А сама возможность индукции личностных качеств на реально не обладающие ими феномены (явления) ясно показывает необязательность, несущественность «человеческой» внешности литературного героя сравнительно с его субъектной сущностью. Здесь необходимо ещё отметить, что на протяжении долгих веков литература была практически единственным из видов искусства, допускающим, с одной стороны, в субстрате воплощения изменение и развитие художественного образа, а с другой стороны – принципиально неограниченное воспроизведение данного субстрата, текста. Именно благодаря литературной записи мы знакомы сегодня, например, с театром Эсхила и Софокла или с образцами устного художественного творчества народов мира, порой уже исчезнувших с лица земли. Отсюда вытекает возможность рассматривать литературного героя (образ субъекта) в контексте и выделенных, взятых в отношении к субъекту, субъект-объектных (эстетических), и субъект-субъектных (этических) взаимодействий.

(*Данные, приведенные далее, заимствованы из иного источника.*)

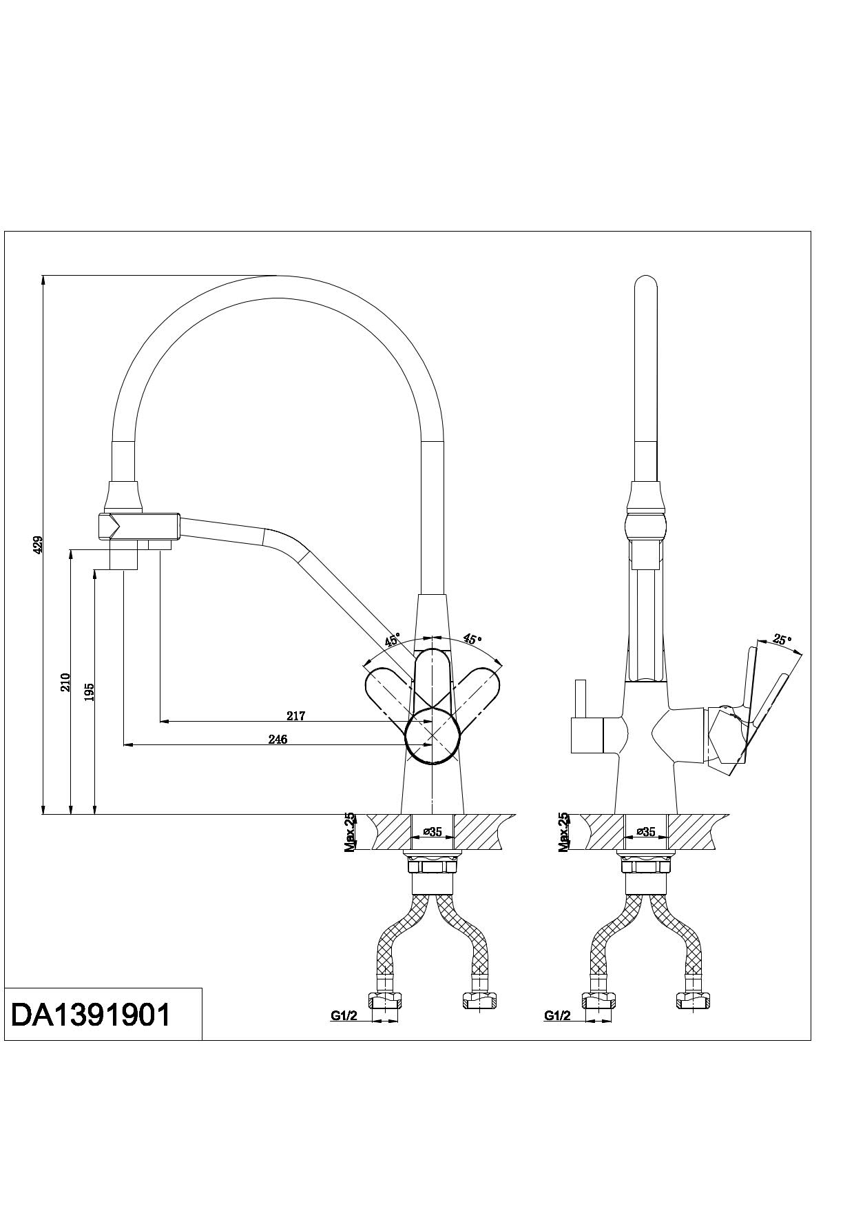 - Гибкая подводка 40 см идёт в комплекте для быстрой установки.
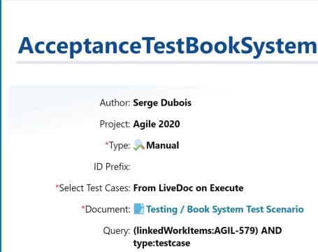 - Spécifier dans Query la requête qui conditionnera la sélection automatique des tests à dérouler et les rendra exécutable. Dans notre exemple, en plus de la sélection par le document, la requête linkedWorkItems:AGIL-579 a aussi son importance ; elle permet de ne prendre en considération que les cas de tests couvrant le scenario portant cet identifiant.
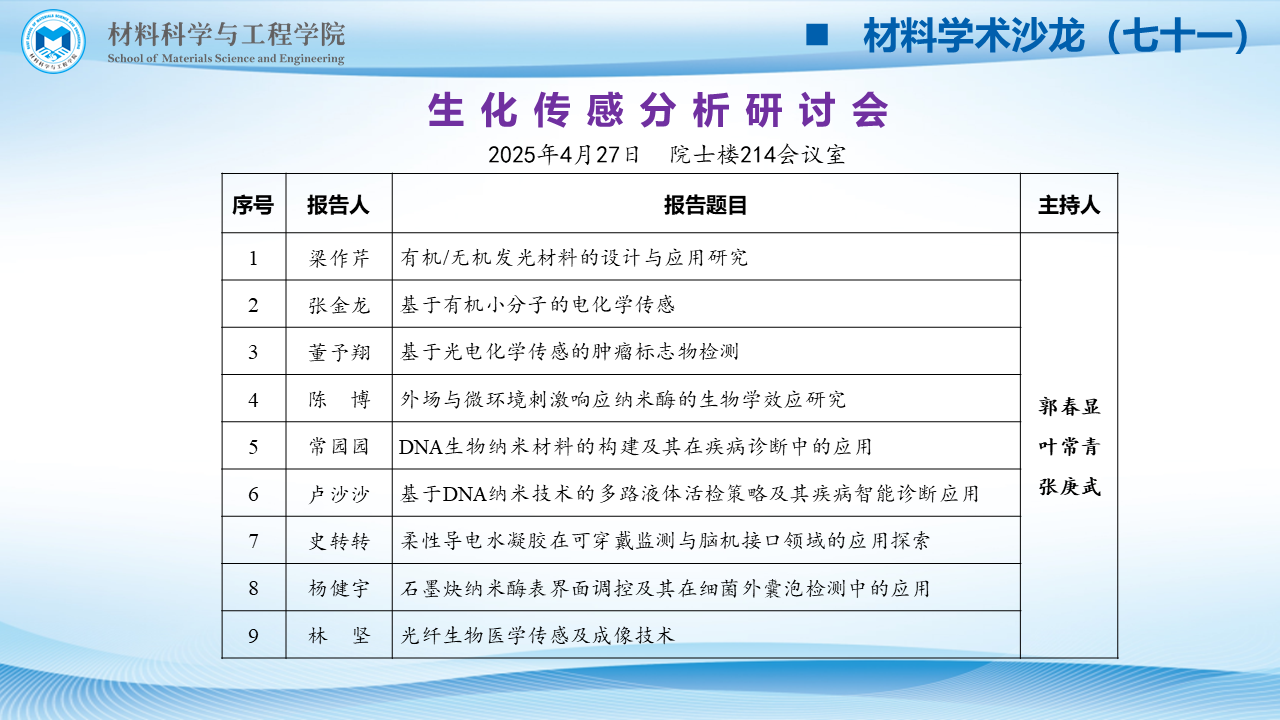 下一条:材料学术沙龙七十:电致化学发光增强新技术及核酸结构调控新方法在生物分析中的应用

При этом необходимо различать отражение автором объективной реальности в процессе эстетической деятельности, которое является действительным эстетическим взаимодействием, и представленное через образы литературных героев эстетическое взаимодействие. Ведь, воплощая в тексте литературного произведения не только объекты, но и субъекты, автор неизбежно воплощает и этические, субъект-субъектные взаимодействия между ними, порождая тем самым внутри сферы эстетического отражённую, вторичную сферу этического. Соответственно, возникает и вторично-этический идеал, выраженный через эстетические категории возвышенного и низменного.

Эти вторичные этические отношения давно выделены критикой эмпирически и часто используются для анализа и оценки художественных произведений с позиций нормативной этики. Естественно, и такой анализ, и такие оценки уже в силу своего эмпирического характера постоянно смешивают первичные этические отношения, существующие между реальными субъектами в реальном мире, «житейскую этику» – со вторичными этическими отношениями, представленными в художественном произведении, в системе художественных образов, то есть с «этикой художественной». Которая принципиально может реализоваться в трёх следующих вариантах:

 

1. Внутрисубъектные отношения типа «Я – Я»;

2. Межсубъектные отношения типа «Я – не-Я»;

3. Внесубъектные отношения типа «не-Я – не-Я».

 

Варианты эти для словесного творчества, разумеется, неравноценны. Отношения типа «Я – Я» чрезвычайно редко встречаются в художественных произведениях, поскольку они требуют и выделенного противопоставления субъекта самому себе, возможного только во времени, но невозможного в пространстве, и выделенного взаимодействия, выделенной связи этих двух «Я», требующей их существования одновременно, «здесь и сейчас». То есть здесь налицо противоречие, которое разрешимо только через создание особых, виртуальных хронотопов, не имеющих практически ничего общего с хронотопом реальным.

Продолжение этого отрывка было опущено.